The files in the globs do not contain a created column because this information is expressed through the file system. Vertica can read the partitioned values (dates, in this example) into a table column (created, in this example).

Data can be partitioned by more than one value:

/data/created=2016-11-01/region=northeast/*
/data/created=2016-11-01/region=central/*
/data/created=2016-11-01/region=southeast/*
/data/created=2016-11-01/...
/data/created=2016-11-02/region=northeast/*
/data/created=2016-11-02/region=central/*
/data/created=2016-11-02/region=southeast/*
/data/created=2016-11-02/...
/data/created=2016-11-03/...
/data/...

Another way to partition data is to use the values directly, without the column names:

/data/2017/01*
/data/2017/02/*
/data/2017/03/*
/data/...

In this case, you have to use an expression to tell COPY how to extract columns and values from the paths, for example to read the first level as a year and the second as a month.

The syntax for loading partitioned data differs for Hive-style and other partitioning schemes. For both schemes, list partition columns in the PARTITION COLUMNS clause. Doing so allows Vertica to improve query performance when predicates involve partition columns by eliminating irrelevant partitions from consideration.

COPY syntax for Hive-style partitions

Consider the following partition layout:

/data/created=2016-11-01/region=northeast/*
/data/created=2016-11-01/region=central/*
/data/created=2016-11-01/...
/data/created=2016-11-02/region=northeast/*
/data/created=2016-11-02/region=central/*
/data/created=2016-11-02/...
/data/...

To load values for the created and region columns, use wildcards (globs) in the COPY path and the PARTITION COLUMNS option:

=> CREATE EXTERNAL TABLE records (id int, name varchar(50), created date, region varchar(50))
   AS COPY FROM 'webhdfs:////data/*/*/*'
   PARTITION COLUMNS created, region;

The path includes one wildcard (*) for each level of directory partitioning and then one more for the files. The number of wildcards must be at least one more than the number of partitioned columns. Data files must include at least one real column; you cannot represent data entirely through directory structure.
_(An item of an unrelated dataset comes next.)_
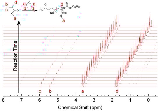 Figure A2 shows the corresponding H NMR spectra for all aliquots for the large-scale PMMA reaction (PMMA-2). Analysis of these spectra provide monomer conversion data, which is listed for each time point in Table A2. Four primary bands are visible (a, b, c and d) in each spectrum and were subsequently integrated. Monomer conversion was calculated from comparing the integral of band b at specified time to the integral of band b at t = 0, where the integral of band a was set as the reference. Monomer conversion ranges from 0% at 0 min to 90% at 8520 min.

The first part of each partition directory name must match the column name in the table definition. COPY parses the string after the = for the values. Empty values, for example a directory named created=, are treated as null values. For backward compatibility, a value of __HIVE_DEFAULT_PARTITION__ also means null.

Values that cannot be coerced to the correct types are rejected in the same way that non-coercible values in data are rejected.

The PARTITION COLUMNS option specifies the partition columns in order.

If data is partitioned by more than one value, the partitions must appear in the same order in all directory paths in the glob even though the directory names contain the column name.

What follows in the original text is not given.